Би-би-си: Вы ведь общались тогда с чехословацкими эмигрантами здесь, в Лондоне? К тому времени здесь уже была довольно большая община.
Л.Х.: Да, тут было несколько волн эмигрантов 30-х и 40-х годов. Были те, кто, как мои родственники, бежали в 1938-1939 от нацистов. И очень мудро сделали, потому что мои дедушка с бабушкой не уехали – два брата уехали, а один остался – и отправились в Аушвиц.
Би-би-си: Почему? Они были евреями?
Л.Х.: Да, мы евреи.
В общем, была волна эмигрантов 1938-1939 годов, в основном евреи, и потом была волна эмигрантов 1945-1948 годов, например, те, кто служил в британских вооруженных силах, – часть из них решила, что им нельзя возвращаться. И, я думаю, правильно решили, потому что у многих из тех, кто вернулись, были большие проблемы в Чехословакии.
В общем, да, были эмигранты. В Лондоне был Чешский дом – и там можно было встретить тех летчиков и других чешских ветеранов из британских вооруженных сил.
Би-би-си: И что в вашей эмигрантской общине говорили о советском вторжении?
Л.Х.: Ну ясно, что не приветствовали. Хотя – не знаю, мне кажется, мы особо это не обсуждали, в том смысле, что не было каких-то специально организованных акций, дискуссий.
А в целом было чувство беспомощности. Чувство, что мы не можем ничего сделать: гигантская организация, Варшавский договор, решила вторгнуться в одну из своих же стран-членов.
Би-би-си: Кстати, о вторжении именно нескольких стран Варшавского договора, в том числе ГДР: были ли у вас какие-то особые чувства из-за того, что в вашу страну – снова! – вторглись немцы?
Л.Х.: Да нет… Я даже не думал об этом. Нет, определенно нет.
Забавно. Хороший вопрос. Но нет, даже я со своим происхождением об этом не думал.
Би-би-си: Все это воспринималось как “русское” вторжение?
Л.Х.: Ну, было очевидно, что всем руководят именно они. Мне кажется, все чувства были направлены на россиян – как на организаторов, кем они и были.
Би-би-си: Сколько раз вы потом ездили на родину?
Л.Х.: Не очень много. Где-то раз в два или три года.
Би-би-си: В одном интервью вы говорили, что в 1985 году вас арестовали в Праге и обвинили в шпионаже. Расскажите.
Л.Х.: Это было полной неожиданностью.
Я приехал повидать отца после операции. До этого я не был в Праге три года. То есть, как я понимаю, ордер на мой арест был к тому времени уже примерно год как выдан.
Ну вот, вдруг, когда я уже возвращался, я был схвачен полицией, отправлен в Рузине, недоброй славы тюрьму, и официально обвинен в шпионаже.
Я подал апелляцию, её отклонили.

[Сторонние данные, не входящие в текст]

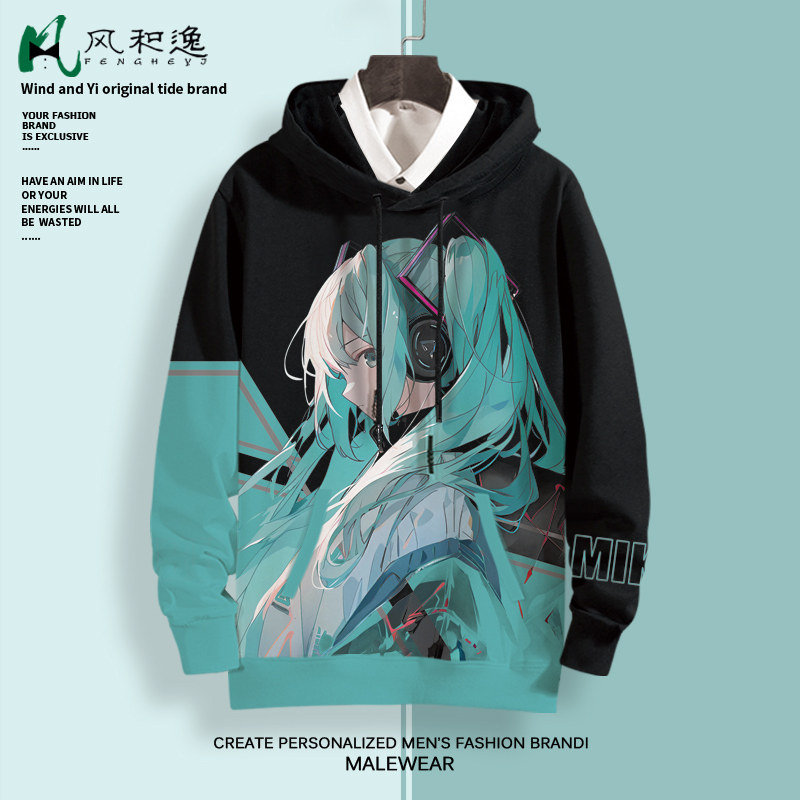 连帽卫衣外套男初音未来动漫周边二次元套头上衣加绒加厚大码衣服
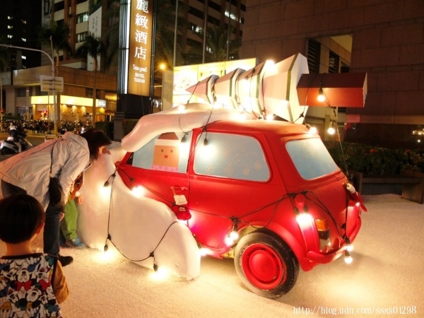 ▲有台非常吸睛的耶誕小汽車裝置造景停在廣場旁,白雪覆蓋著車頭,車頂還有棵小聖誕樹,畫面實在趣味!
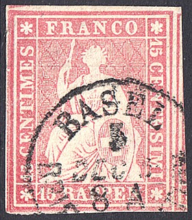 | 1857 Strubel 15 Rp. Berner Druck III (Zst. Nr. 24D,
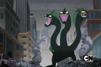 The Hydra is a creature with many heads often associated with destruction and curses. At some point, a Hydra was sealed in a pot. It eventually entered into Julia Kapatelis' collection in her Metropolis apartment. Steve the Griffin accidentally broke the pot on its first night. Diana Prince grabbed the griffin and reassembled the pot by hand very quickly. She neglected to put back the last piece and left. The Hydra seeped out of the pot in a non-corporeal state then out the apartment through a crack in the wall. A few days later, the Hydra fully manifested in corporeal form and wrecked havoc in the city. The heads tugged at a bus until the middle head chomped it. Steve realized what was happening and his demeanor changed. Wonder Woman got on his back and drew her sword. He took off and dodged the Hydra then Wonder Woman sliced their heads off. She congratulated Steve but the Hydra reformed with six heads total. Steve grabbed her and flew off. He dodged their strikes but dropped her. He recovered her just in time.
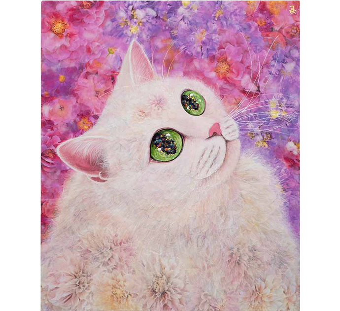 迷い猫のおいちゃんと暮らし始めたのをきっかけに猫に魅了され、当時一番身近な表現方法であった絵に描き始める。猫の魅力を最大限に表現する方法を模索しながら、様ざまな素材を用いた独自の技法を編み出し表現している。イギリスでイラストレーションを、帰国後には日本画を学び、日本画から取り入れた繊細なタッチと共に、日本文化ではあまり見かけない鮮やかな色使いの絵を描く。現在、滋賀にてたくさんの猫と暮らしながら制作し、個展や国内外の催事などで作品を発表している。
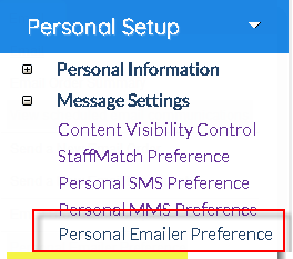 Click the 'Personal Emailer Preference' link in Email tab drop-down menu (also accessible via 'Setup' menu on left-hand side).
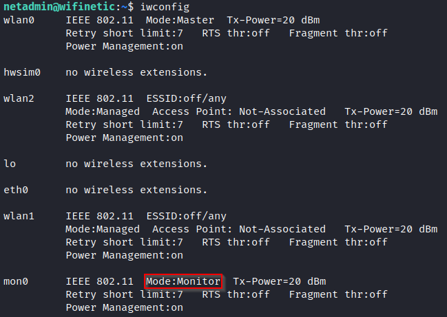 It is worth noting that the mon0 interface is in monitor mode. Monitor mode allows wifi interface to monitor all traffic on the wireless network.
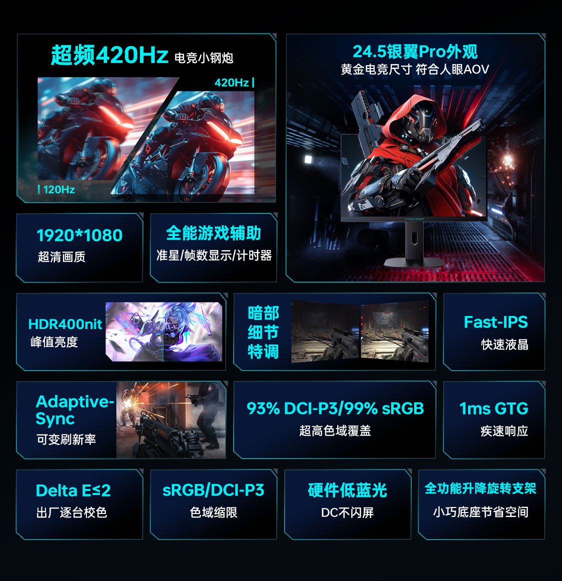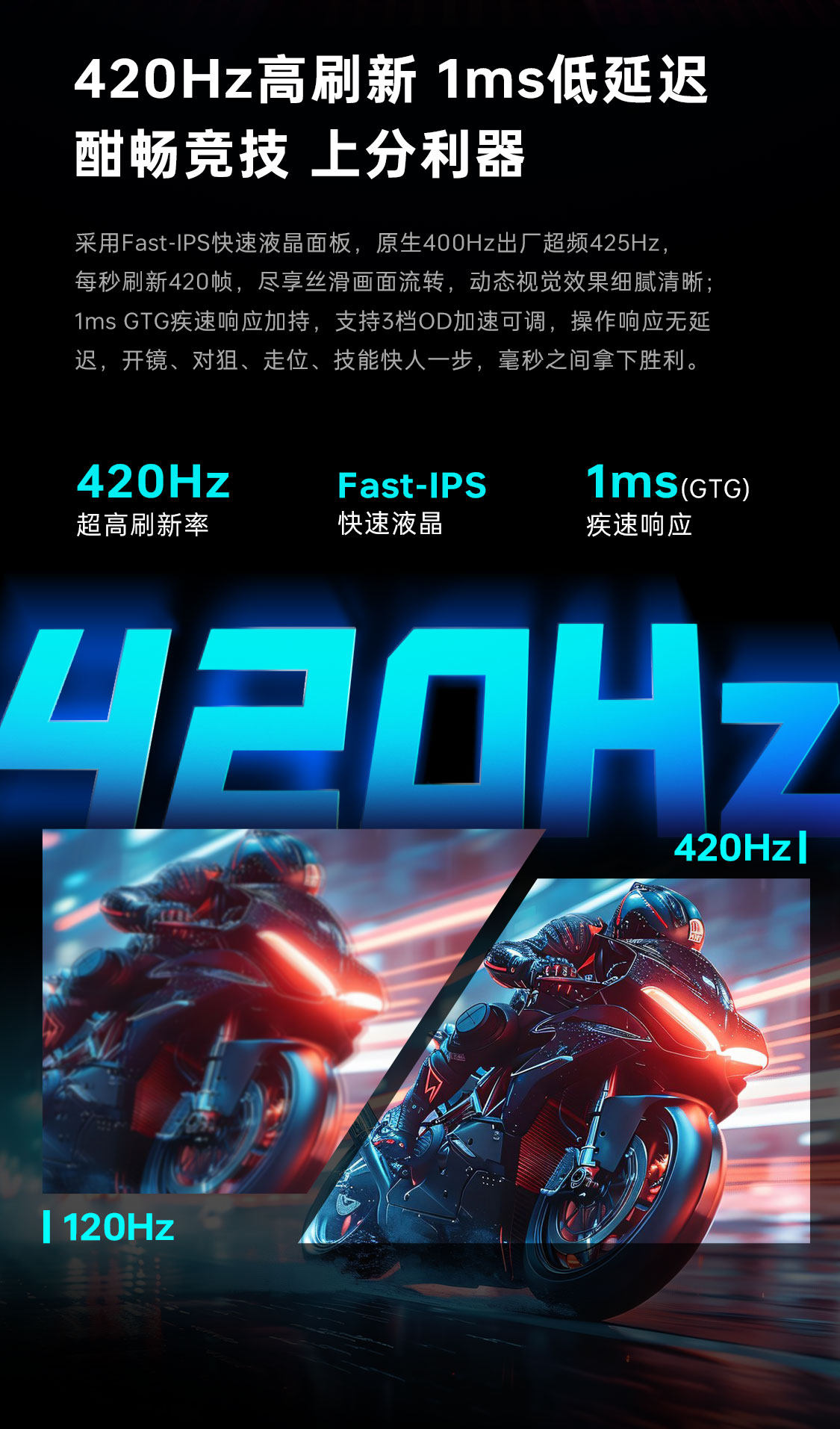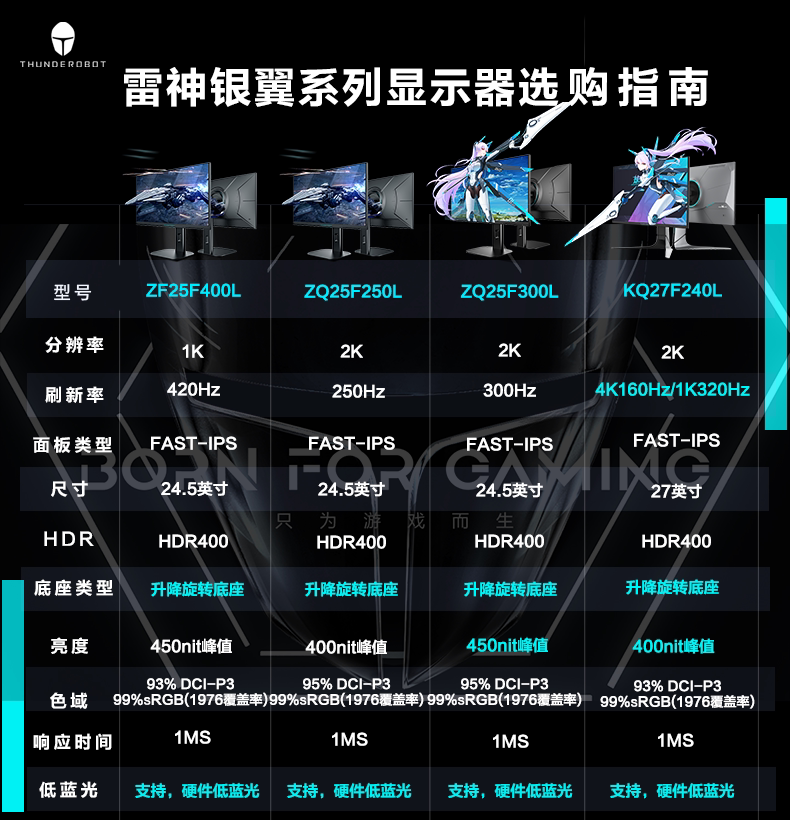 ZF25F400L】原生400Hz超高刷 24.5''FHD 超频420Hz 升降旋转底座 银翼 【ZQ25F250L】银翼系列 24.5英寸 2K 250Hz刷新率电竞黄金比例 升降旋转底座 【ZQ25F300L】银翼系列 24.5英寸 2K 300Hz刷新率电竞黄金比例 升降旋转底座 【KQ27F240L】旗舰外观27''2K 240Hz 400nit高亮 升降旋转底座 银翼

Каждый день допрашивали, утром и днем.
Все это продолжалось три недели. Было много интересных моментов.
Ну и в итоге меня отпустили – совершенно очевидно, что после того, как вмешалось правительство Британии. После освобождения я получил письмо, кажется, от Маргарет Тэтчер и точно – от Малькольма Рифкинда, который тогда был министром иностранных дел.
Меня отпустили на том основании, что я был “помилован” президентом Чехословакии. То есть, я вроде как был виноват, но помилован. Бред какой-то.

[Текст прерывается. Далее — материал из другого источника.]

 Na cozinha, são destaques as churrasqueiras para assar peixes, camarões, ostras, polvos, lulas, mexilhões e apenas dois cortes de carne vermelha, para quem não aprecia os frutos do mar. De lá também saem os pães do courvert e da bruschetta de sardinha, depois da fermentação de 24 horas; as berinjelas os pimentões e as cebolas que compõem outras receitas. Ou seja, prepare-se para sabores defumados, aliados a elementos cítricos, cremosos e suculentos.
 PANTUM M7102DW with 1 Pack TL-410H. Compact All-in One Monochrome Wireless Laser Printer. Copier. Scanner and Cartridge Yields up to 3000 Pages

Меня тогда лишили чехословацкого гражданства. Это все было в марте-апреле 1985 года, перед первым за двадцать лет визитом министра иностранных дел Великобритании в три страны Варшавского договора: Польшу, ГДР и Чехословакию. И меня отпустили за пару дней до визита.

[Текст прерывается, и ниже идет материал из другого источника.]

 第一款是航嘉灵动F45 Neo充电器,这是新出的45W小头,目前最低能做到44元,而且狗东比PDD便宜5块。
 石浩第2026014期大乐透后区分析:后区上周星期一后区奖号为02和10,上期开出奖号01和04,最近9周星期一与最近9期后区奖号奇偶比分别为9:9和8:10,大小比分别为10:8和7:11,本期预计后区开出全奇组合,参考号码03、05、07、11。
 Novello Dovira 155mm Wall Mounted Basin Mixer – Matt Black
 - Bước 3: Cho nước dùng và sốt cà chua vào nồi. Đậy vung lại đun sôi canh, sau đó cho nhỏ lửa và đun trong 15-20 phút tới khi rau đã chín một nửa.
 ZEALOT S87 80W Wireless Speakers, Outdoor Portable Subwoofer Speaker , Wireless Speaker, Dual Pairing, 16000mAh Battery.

Все обвинение было сфабриковано, и после бархатной революции я потребовал, чтобы они пересмотрели мое дело и очистили мое имя от всяких обвинений. Но это заняло еще два с половиной года, пока три разных следователя закончили эту работу.
[…]
В итоге последний следователь прислал мне отчет, в котором говорилось, что все обвинения против меня были сфабрикованы, и это с их стороны документально зафиксировано.
[…]
Би-би-си: Непонятно, зачем вы вообще им понадобились.
Л.Х.: Да, верно. Ну, я был старшим партнером в фирме присяжных бухгалтеров в лондонском Сити. Это не так уж мало.
Мой старший партнер, Стюарт Янг, был председателем Совета управляющих Би-би-си. Его брат, лорд Дэвид Янг, в то время был министром в кабинете Маргарет Тэтчер.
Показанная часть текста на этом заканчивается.